Mustard texted it, along with about six other beats, to Lamar — who said nothing but reacted with a “heart.” Though he wasn’t in the room with Lamar this time, he had been in the studio with him before, years ago. Once, he says, Terrace Martin, a core musician on Lamar’s 2015 album, To Pimp a Butterfly, took him to one of that project’s sessions. “I remember seeing that s–t and being like, ‘Whoa, that’s a lot going on.’ With me and YG [Mustard’s most frequent collaborator], we didn’t have that many musicians around. That was my first time seeing s–t like that. Thundercat was there, Sounwave was there. Terrace was there… I knew [that album] was going to be some crazy s–t, but I didn’t know it would be like that.”

Though he couldn’t have predicted the impact To Pimp a Butterfly would have on culture, Mustard says he has a good intuition for hit records. “I don’t want to say I’m always right, but I’m pretty much on the money,” he notes. Mai agrees: “Mustard’s greatest strength is his ear.”

Aaron Sinclair

For all his success producing radio-ready singles, however, one-off collaborations don’t move Mustard like they used to. “I can do stuff like ‘Not Like Us’ every day,” he says. “I can do that with my eyes closed… In my next phase, I’m not doing singles,” he insists, though he does admit he would do “Not Like Us” again “100,000 times” without hesitation. “I’ll do [a single for an artist] if I can have the whole album or the majority of the album, but other than that, I don’t get anything out of that.”

It’s why he dropped his own album, Faith of a Mustard Seed, this summer, which features Ricch, Travis Scott (whose “Parking Lot” with Mustard went to No. 17 on the Hot R&B/Hip-Hop Songs chart), Ty Dolla $ign, Future, Young Thug and more hip-hop heavyweights. Mustard reckons the album (named after a suggestion by his late friend Nipsey Hussle) took him five years to perfect — the equivalent of a lifetime in popular music, especially hip-hop. During that time, rap went from being constantly atop the Hot 100 to weeks, months and even a whole year passing without a rap No. 1. Top players like Thug and Gunna went to jail; Nipsey, Young Dolph and Takeoff died; Ye went rogue. New faces like Yeat and 4batz popularized new styles; Afrobeats and reggaetón seeped into the American rap mainstream.

Still, Mustard believes Faith of a Mustard Seed warranted the wait. “There’s nothing on that album that I feel like in 10 years I’ll say, ‘Damn, I wish I did that better,’ ” he says. “I hope it teaches kids that you can take your time and do the right thing. You don’t have to rush it out. I think [the industry] today is just so fast-paced.”

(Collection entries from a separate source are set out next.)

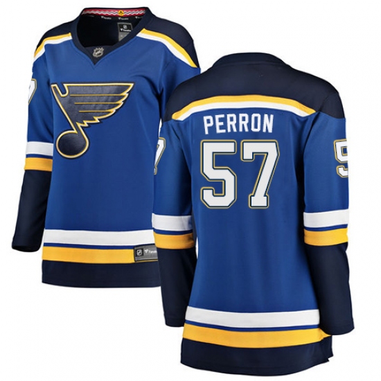 >Women's St. Louis Blues #57 David Perron Fanatics Branded Royal Blue Home Breakaway NHL Jersey
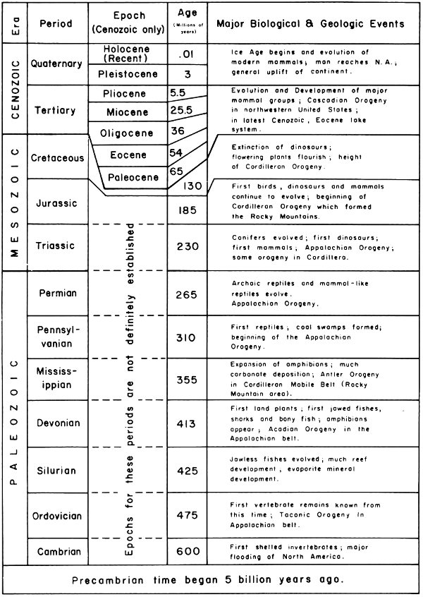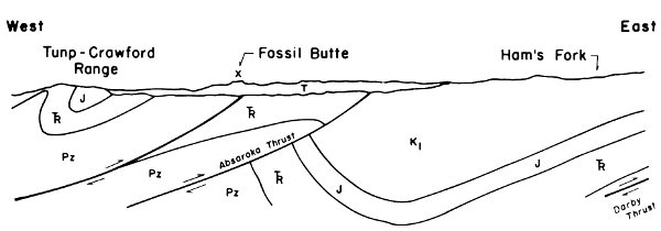 At the base of the stratigraphic section are rocks of Precambrian age. These have not been penetrated by wells within the Fossil Basin but should occur as much as 25,000 ft beneath the surface. They probably consist of metamorphic and intrusive rocks. Beginning about 600 million years ago, at the beginning of Cambrian time, sedimentary deposits accumulated. These are both marine and continental in origin and range in age from early Cambrian (600 million years old) to early Tertiary (50 million years old). Some 34 geologic formations are recognized in this thick section, a list of which follows:
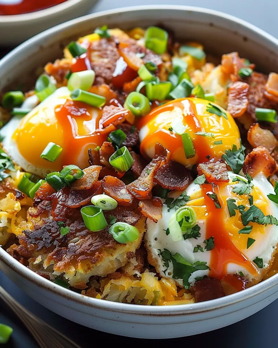 Base Layer: Start with a generous scoop of crispy hash browns at the bottom of your bowl.
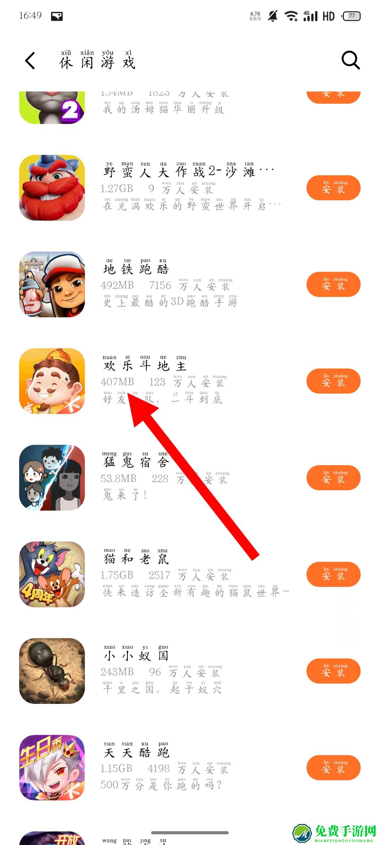 3、在休闲游戏列表页面,选择想要安装的游戏,点击进入该游戏的详情页面。

Mustard hopes the perfectionism that drove both Faith of a Mustard Seed and “Not Like Us,” including Lamar’s own multifaceted bars, will encourage artists to “really rap now… I think now it’s opened the door for … the real rappers that love rap music and lyrics and the double, triple, quadruple entendres and all that s–t cool again.”

Aaron Sinclair

And he’s hoping — or rather, manifesting, sometime between waking up and hitting the tennis court — that this dedication to his craft will yield a Grammy next year. “I definitely speak it into existence every morning,” he says with a laugh. “The highest reward we can get as musicians is a Grammy. I know that people talk like it’s not a thing, but it actually is. It’s like Jayson Tatum right now saying, ‘I don’t want to win the NBA Finals.’ Like, if that’s the case, then go play at Venice Beach.”

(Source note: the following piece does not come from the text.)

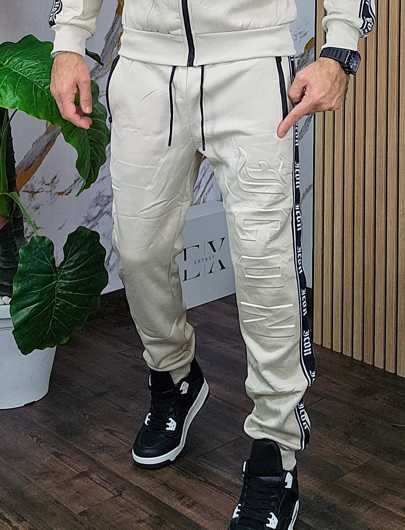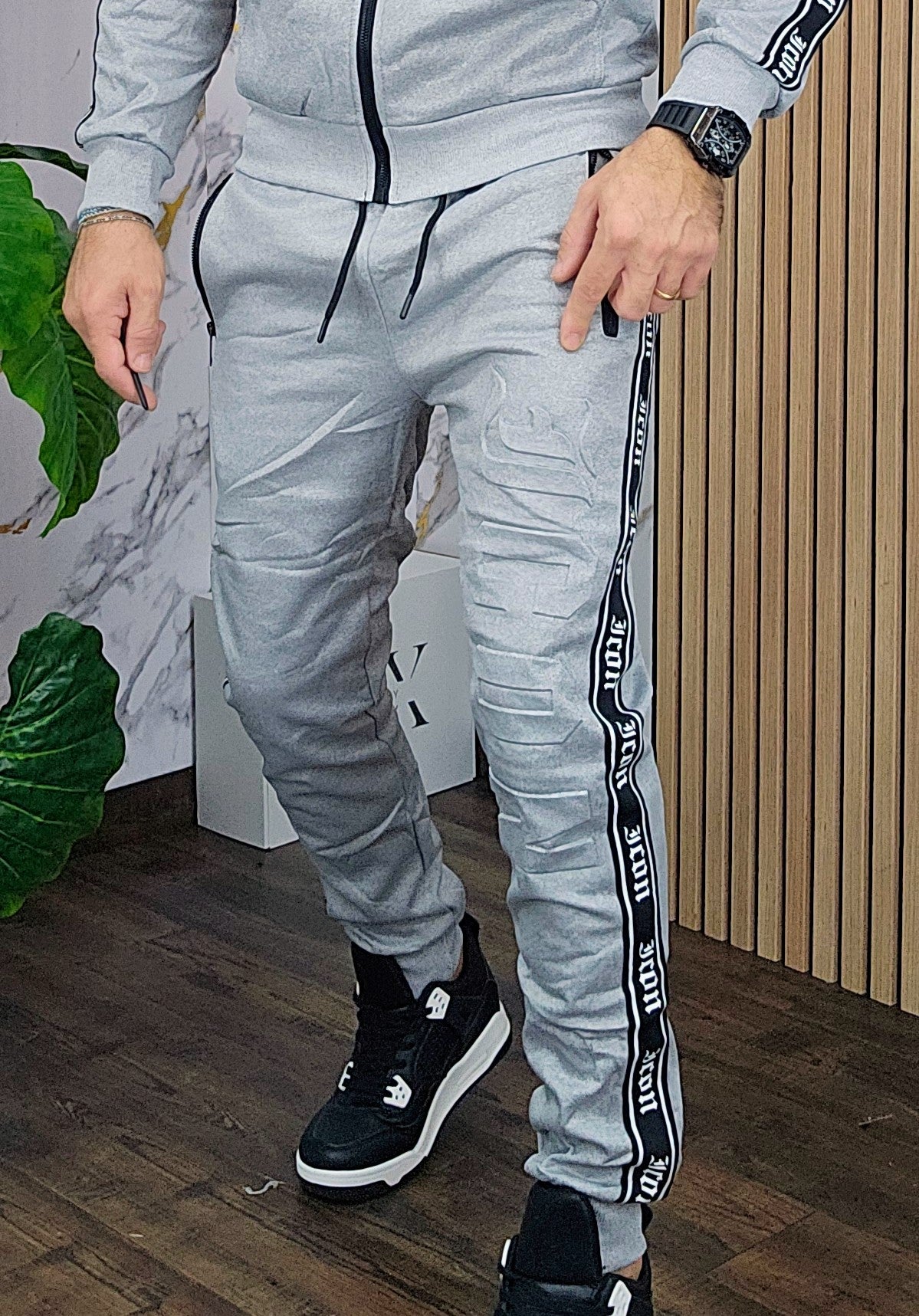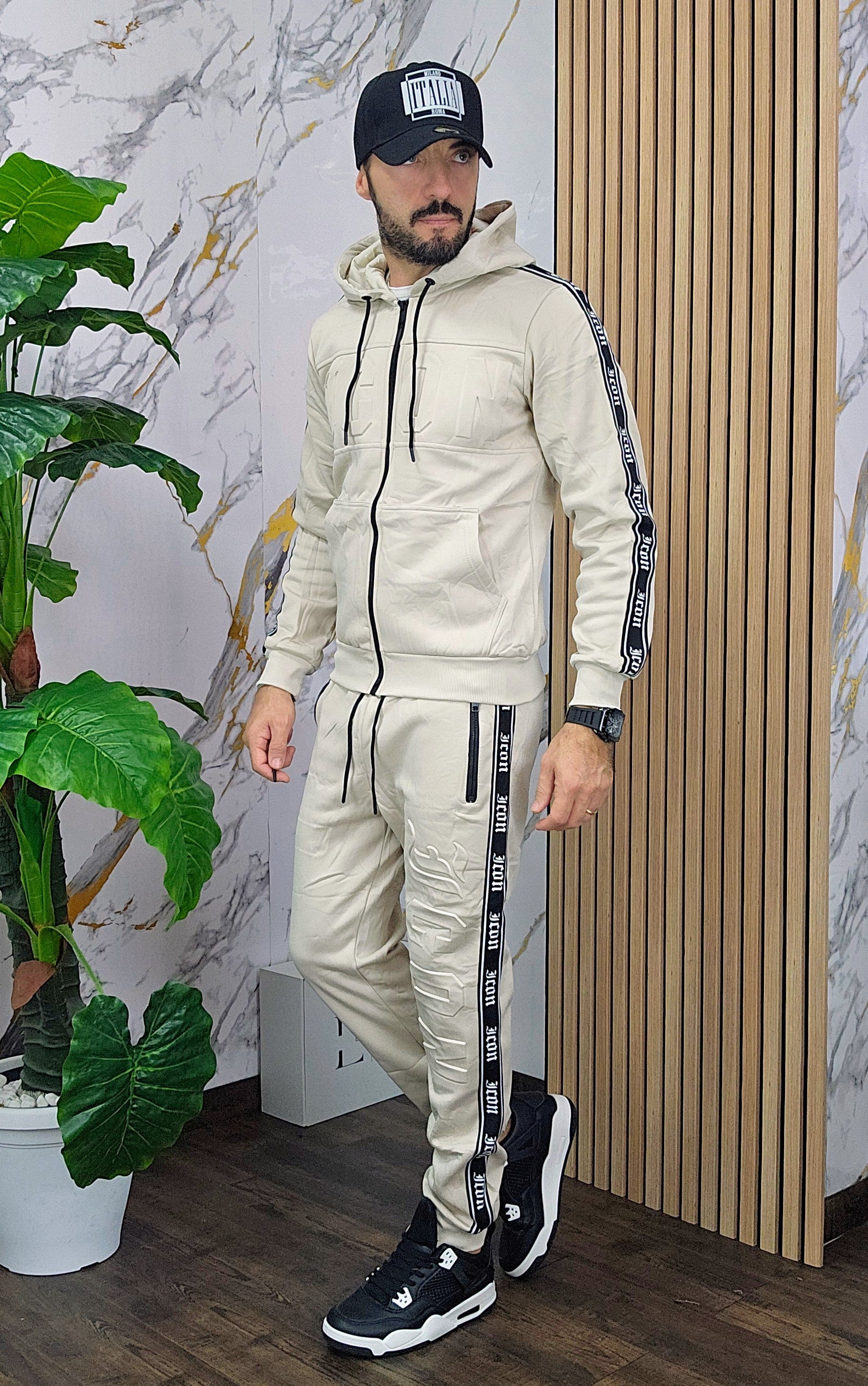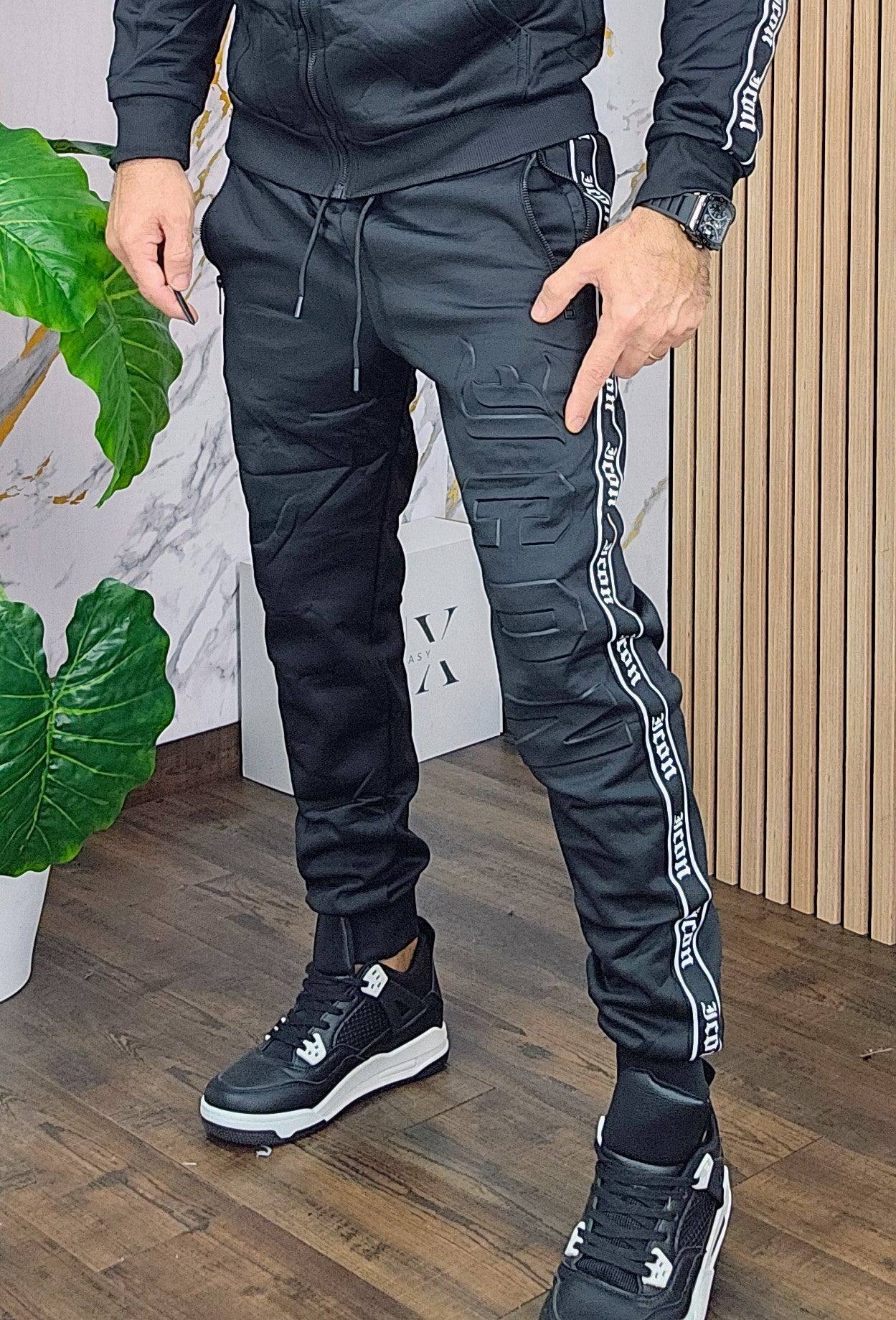 Tuta slim fit felpato all'interno chiusura zip centrale cappuccio regolabile marsupio stampa a fuoco al petto e sulla gamba etichetta icon ricucito pantalone con 2 tasche laterali chiusura zip polsino alla caviglia dalla S alla XXL, il modello in foto è alto 1.82x76kg è indossa una taglia S.Prodotto Made in Italy

Regardless of whether he takes home a trophy on Feb. 2, he knows he has something monumental to look forward to precisely a week later, when Lamar headlines the Super Bowl halftime show — where “Not Like Us” will no doubt get its biggest showcase yet. “Of course I’m going,” he says. “I’m going to go and be in a box and watch… I just can’t wait… I might shed a tear!”

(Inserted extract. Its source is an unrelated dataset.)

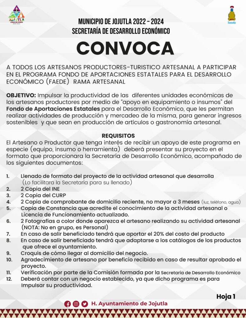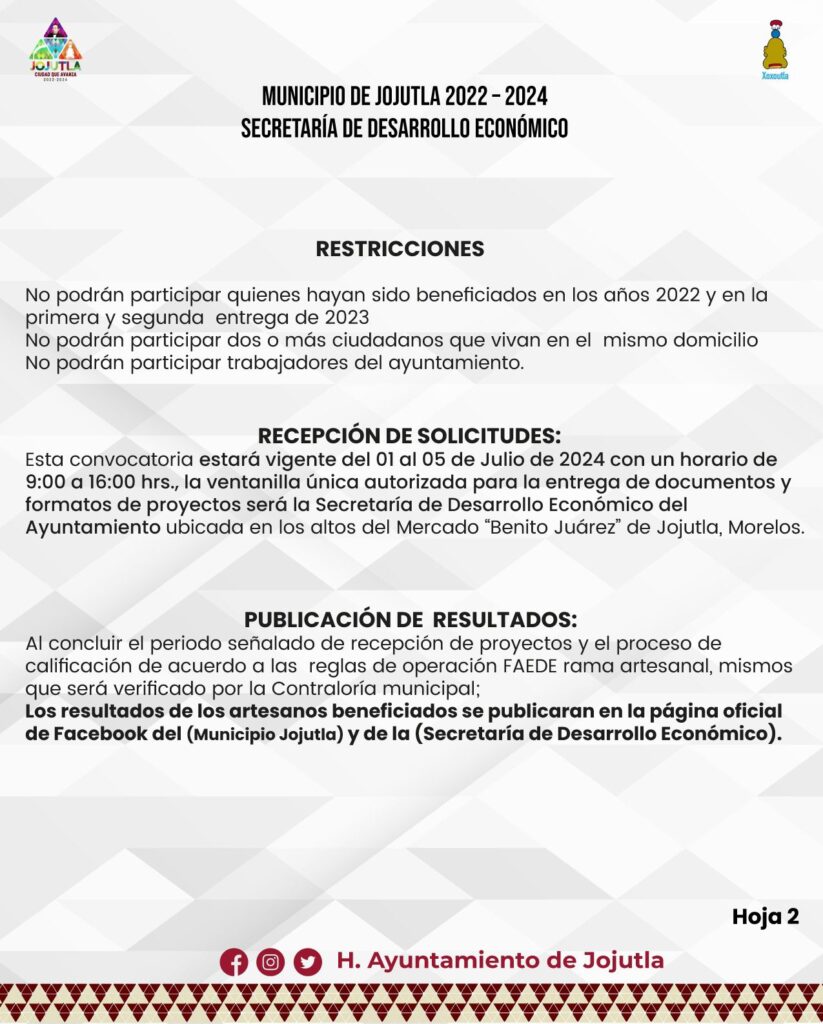 Al concluir el periodo señalado de recepción de proyectos y el proceso de calificación de acuerdo con las reglas de operación FAEDE rama artesanal, los resultados de los artesanos beneficiados se publicaran en la página oficial de Facebook del Municipio Jojutla y de la Secretaría de Desarrollo Económico.
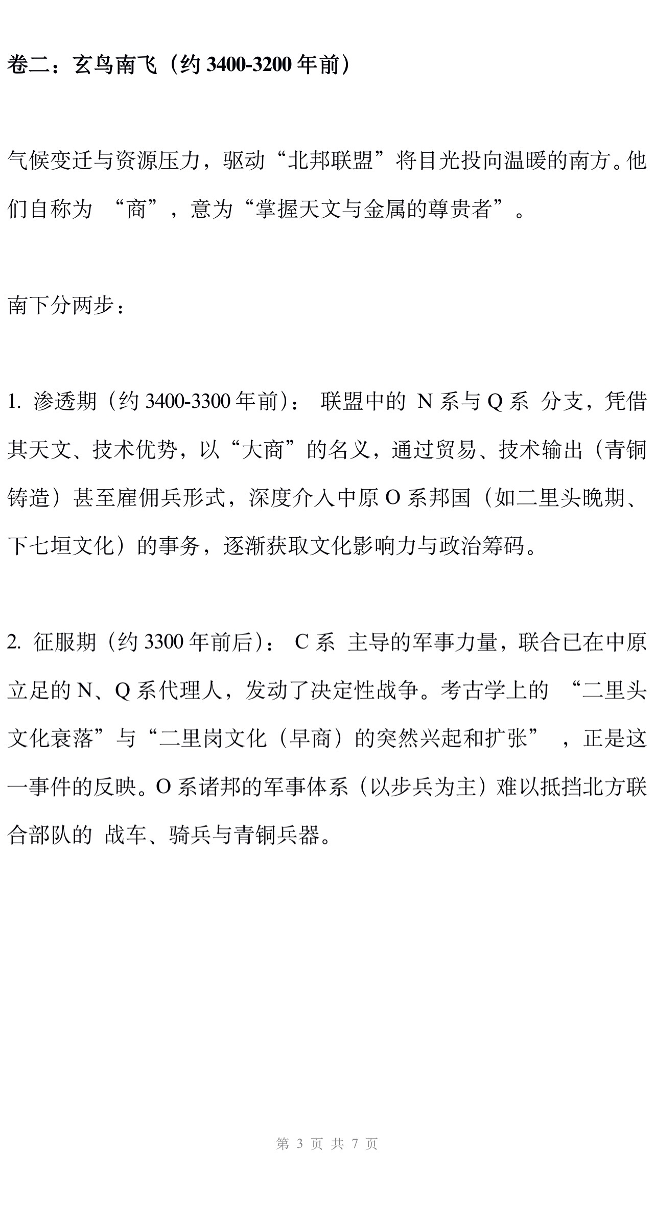 2. 第二阶段(约3300年前后): 上述成熟的“北方复合联盟” 大举南下,与中原的O系农耕文明碰撞、征服并融合,建立商周王朝。

Yet despite surreal moments like that, Mustard says his life is “still the same” as it always was. “I don’t take no for an answer. I’m persistent. Every day, I’m doing something that has to do with the journey of trying to get to where I’m trying to go. At this point, I don’t know how far I can go. I don’t think there’s a limit. I’ve always been like that. That’s how I got ‘Rack City’ — just waking up every day, making beats… and hoping.”

This story also appears in the Oct. 5, 2024, issue of Billboard.